GOAL OF THE EXERCISE:
A faithful copy of every entry is the goal; keep the images out of it.

RECORDS SHOWN:
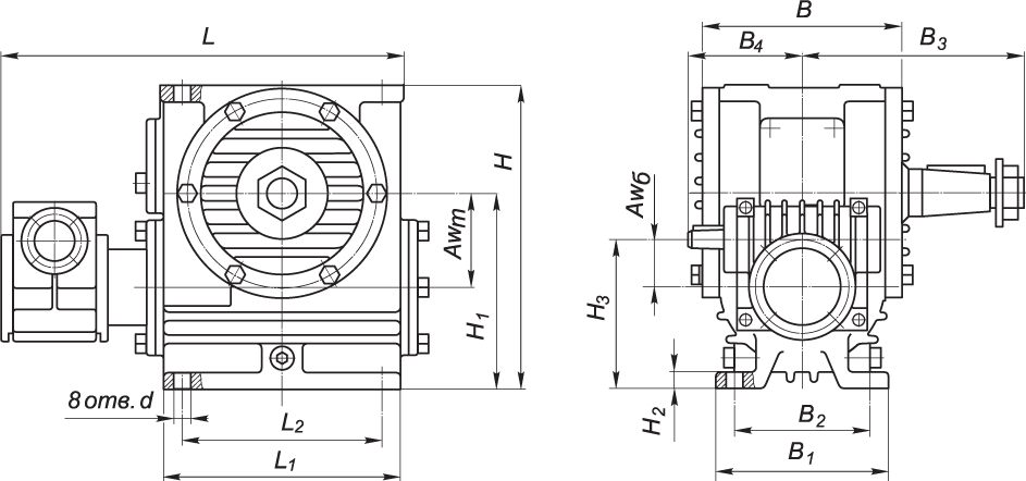 Габаритные и присоединительные размеры редукторов Ч2-100 – Ч2-160
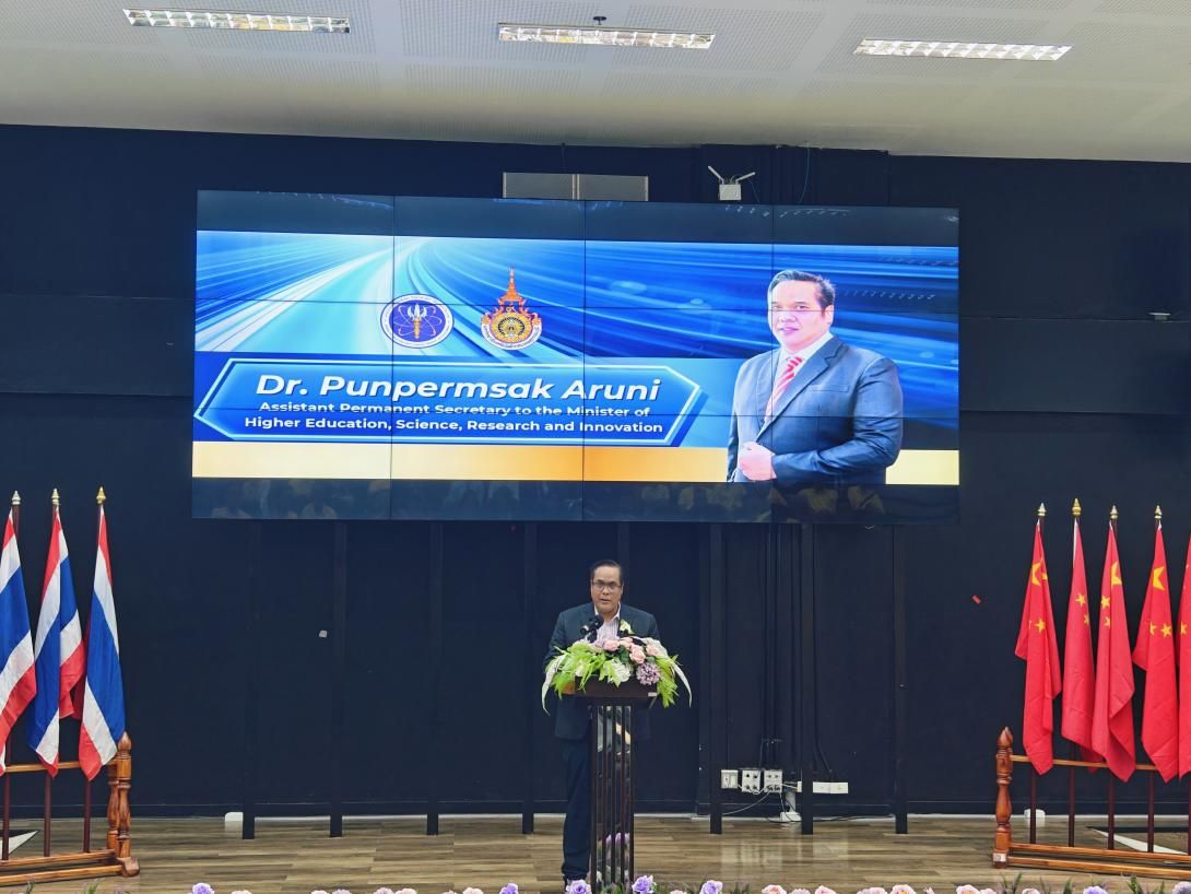 素万纳普皇家理工大学校长巴慕克·温那拉卡,泰国高等教育、科学、研究与创新部部长班彭萨·阿鲁尼,厦门市教育局副局长洪军发表致辞。
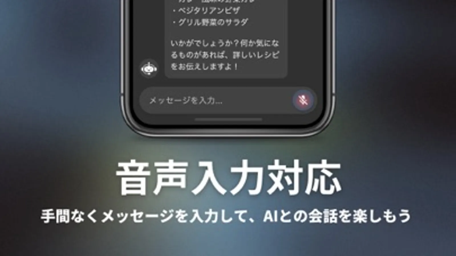 アカウント作成やログインは不要!アプリをダウンロードしてすぐチャット開始。プライバシーとデータ保護に配慮し、会話履歴は自動削除、会話データは暗号化されて安全。日本語の音声入力対応、テキスト入力では多言語に対応。
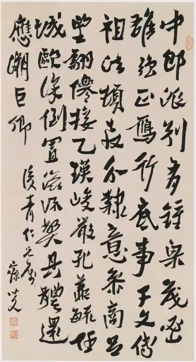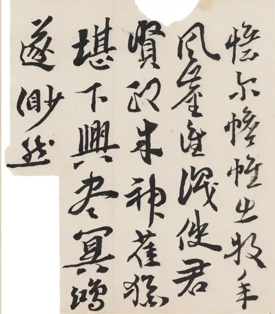 沈曾植之所以能独树一帜,除了上述的种种鲜明的见解外,还具有一颈勇猛精进的心。他在书学上没有像包世臣那样钻牛角尖,而是主张古今融合,南北相济,以期相生相发的境界。在实践上,他非常大胆地运用“抽锋”、“卧笔”之类的手段,如果用正统的眼光来看,觉得有些偏胜;如果用新理异态的效果来看,恰到好处。
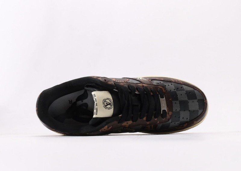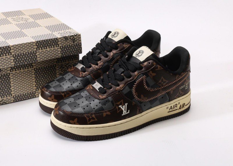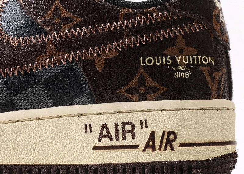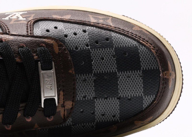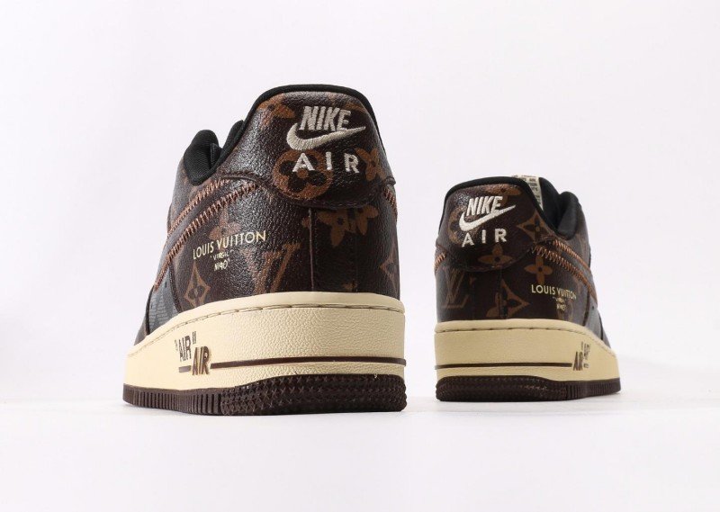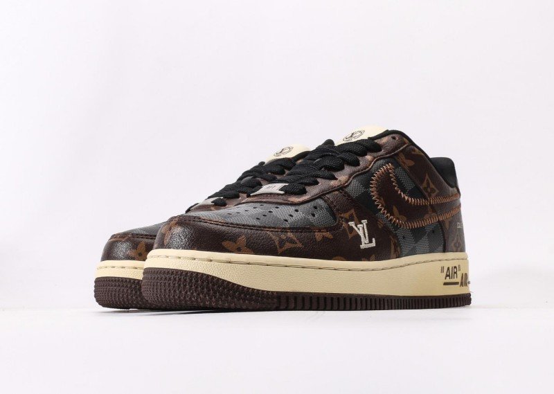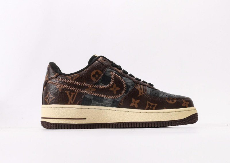 Nike Air Force 1 Low x Louis Vuitton Brown Monogram Sneaker combines luxury with brown monogram canvas, cream panel, monogram Swoosh, and cream outsole for exclusive LV collaboration identity.
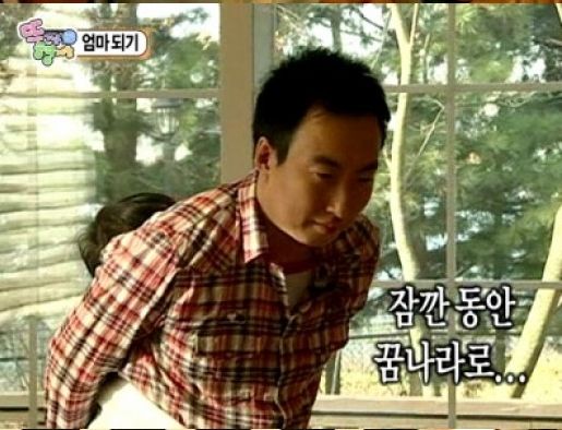 박명수는 다른 멤버에게 기저귀 채우는 방법을 가르쳐 주는 것은 물론 칭얼대는 아이를 달래는 법 등을 상세하게 설명해 시청자 들을 놀라게 했다.
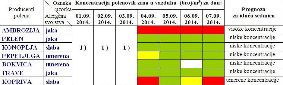 Napomena – 1) Zbog tehničkih problema, ne postoje podaci za 1.,2. i 3.09.2014.
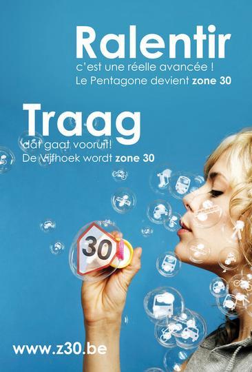 - « Mobilité douce à Bruxelles » principalement à l’intérieur du Pentagone à 30 km/h
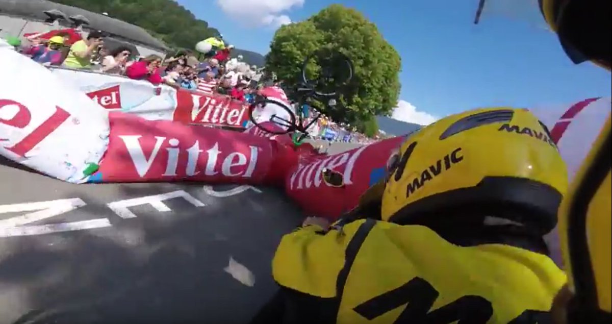 The most bizarre #TDF crash ever: Adam Yates crashes into a deflated flamme rouge! road.cc/196628 #cycling
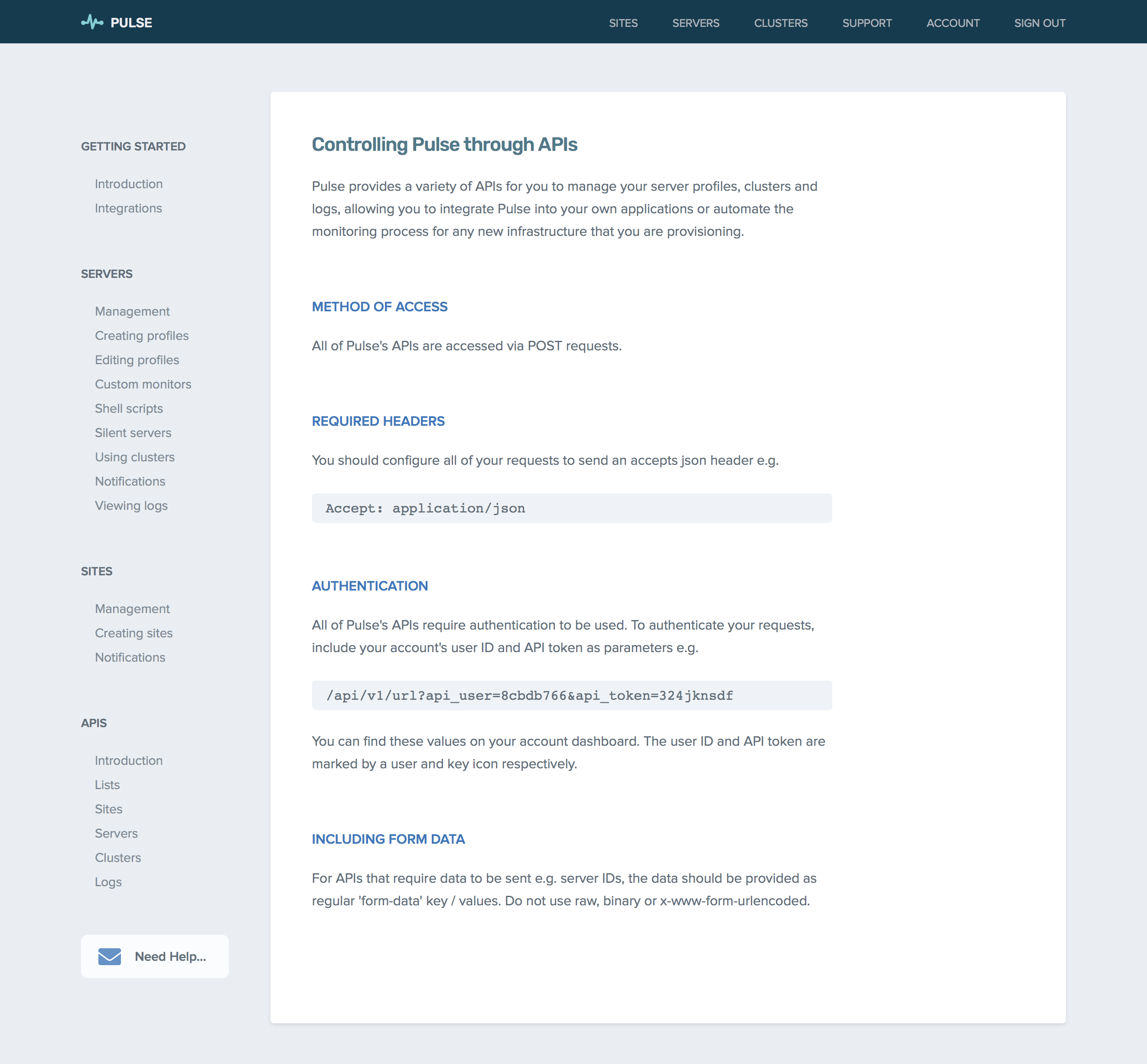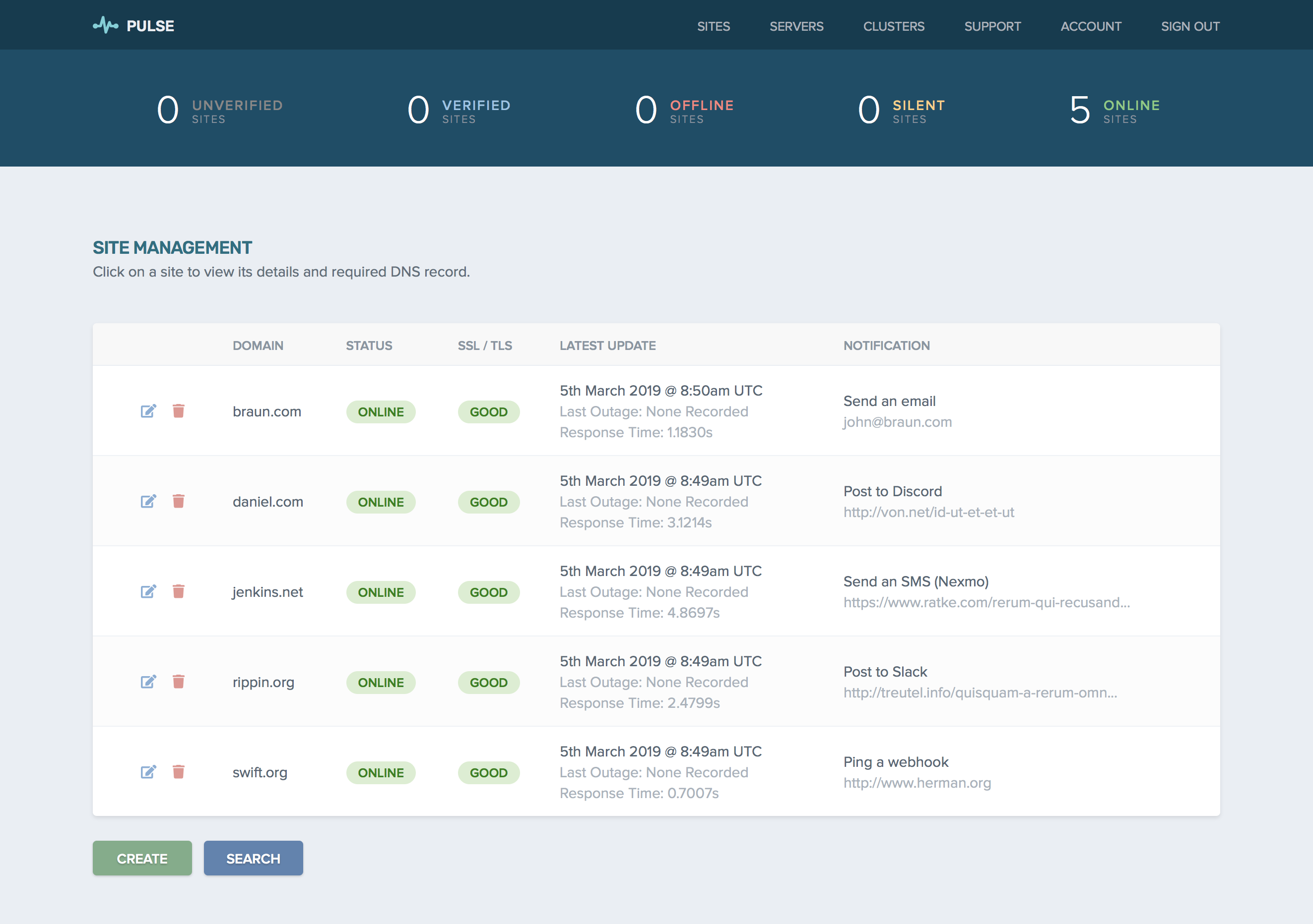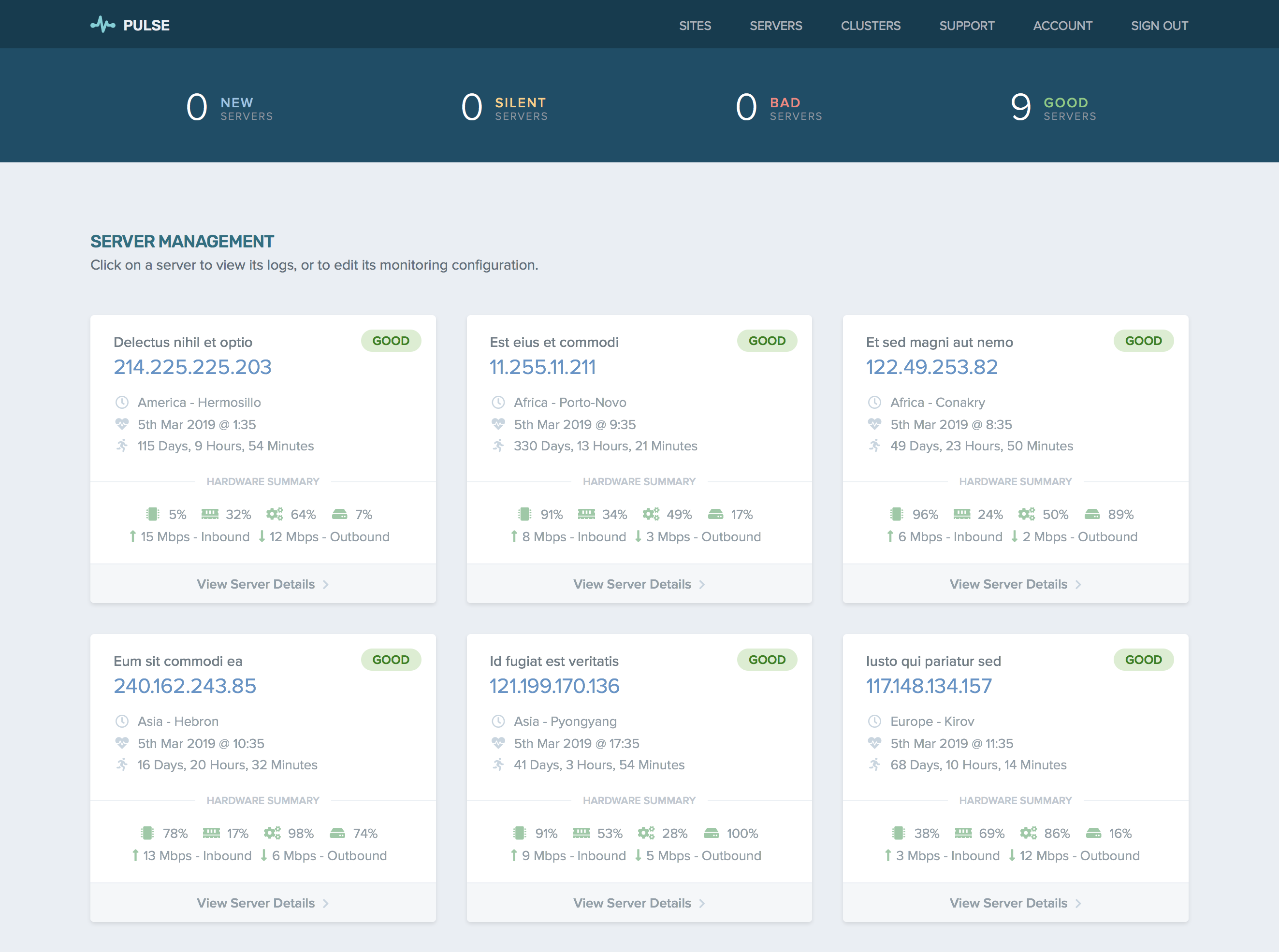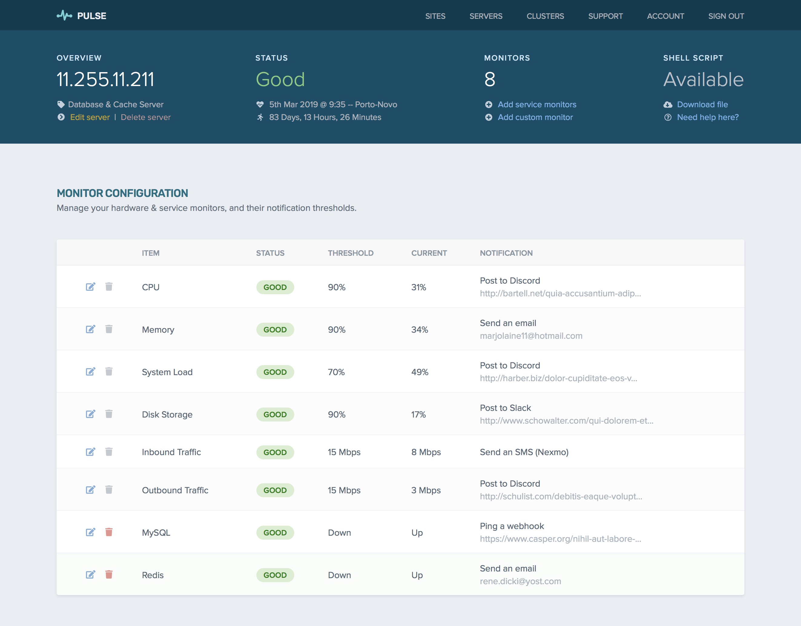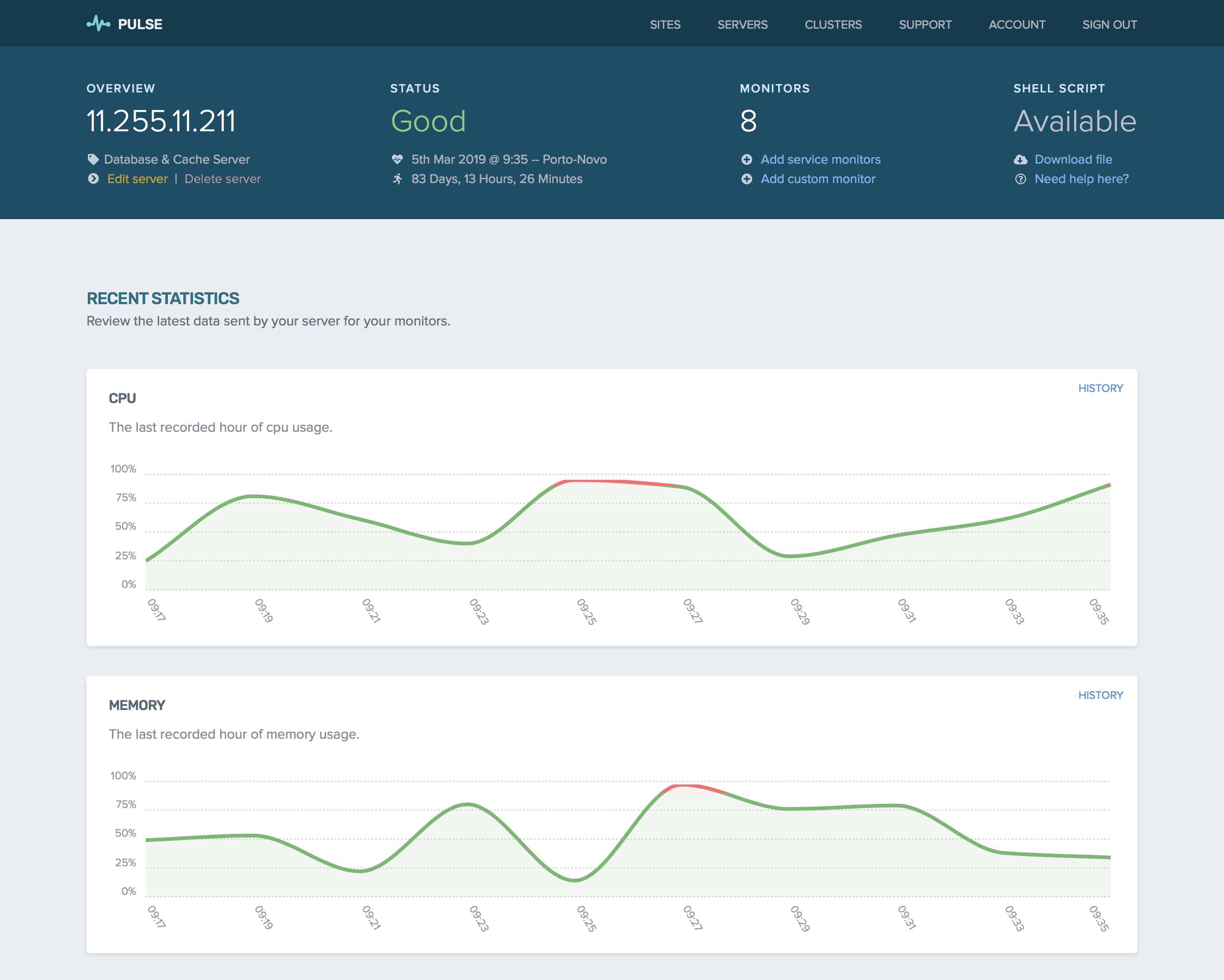 Pulse is a friendly, developer-focused monitoring solution for your sites and Linux servers. It provides painless log analysis, a full API suite, and supports alerts via e-mail, SMS, Slack, Discord, and webhooks. Unlike other platforms, it’s focused on the developer, not the DevOps administrator - you don’t need to be a Linux expert in order to use it. The UI is simple and straightforward, while also being modern and pleasant to use. It’s also flexible, accommodating your specific monitoring needs, while not bundling a whole lot of bloat that you don’t need. And perhaps most importantly, its pricing is in line with what independent developers and small teams can justify to their clients. In addition, since Pulse is developer-centric, it also includes a full suite of APIs to assist you in managing your infrastructure. You can create server and site profiles, assign monitors and download the corresponding shell scripts (that’s right - Pulse is entirely agentless, no “sudo” is needed!). Logs are also available, allowing you to construct your own monitoring dashboard if you need to.

ANSWER FOR THE TASK:
 Габаритные и присоединительные размеры редукторов Ч2-100 – Ч2-160
 素万纳普皇家理工大学校长巴慕克·温那拉卡,泰国高等教育、科学、研究与创新部部长班彭萨·阿鲁尼,厦门市教育局副局长洪军发表致辞。
 アカウント作成やログインは不要!アプリをダウンロードしてすぐチャット開始。プライバシーとデータ保護に配慮し、会話履歴は自動削除、会話データは暗号化されて安全。日本語の音声入力対応、テキスト入力では多言語に対応。
 沈曾植之所以能独树一帜,除了上述的种种鲜明的见解外,还具有一颈勇猛精进的心。他在书学上没有像包世臣那样钻牛角尖,而是主张古今融合,南北相济,以期相生相发的境界。在实践上,他非常大胆地运用“抽锋”、“卧笔”之类的手段,如果用正统的眼光来看,觉得有些偏胜;如果用新理异态的效果来看,恰到好处。
 Nike Air Force 1 Low x Louis Vuitton Brown Monogram Sneaker combines luxury with brown monogram canvas, cream panel, monogram Swoosh, and cream outsole for exclusive LV collaboration identity.
 박명수는 다른 멤버에게 기저귀 채우는 방법을 가르쳐 주는 것은 물론 칭얼대는 아이를 달래는 법 등을 상세하게 설명해 시청자 들을 놀라게 했다.
 Napomena – 1) Zbog tehničkih problema, ne postoje podaci za 1.,2. i 3.09.2014.
 - « Mobilité douce à Bruxelles » principalement à l’intérieur du Pentagone à 30 km/h
 The most bizarre #TDF crash ever: Adam Yates crashes into a deflated flamme rouge! road.cc/196628 #cycling
 Pulse is a friendly, developer-focused monitoring solution for your sites and Linux servers. It provides painless log analysis, a full API suite, and supports alerts via e-mail, SMS, Slack, Discord, and webhooks. Unlike other platforms, it’s focused on the developer, not the DevOps administrator - you don’t need to be a Linux expert in order to use it. The UI is simple and straightforward, while also being modern and pleasant to use. It’s also flexible, accommodating your specific monitoring needs, while not bundling a whole lot of bloat that you don’t need. And perhaps most importantly, its pricing is in line with what independent developers and small teams can justify to their clients. In addition, since Pulse is developer-centric, it also includes a full suite of APIs to assist you in managing your infrastructure. You can create server and site profiles, assign monitors and download the corresponding shell scripts (that’s right - Pulse is entirely agentless, no “sudo” is needed!). Logs are also available, allowing you to construct your own monitoring dashboard if you need to.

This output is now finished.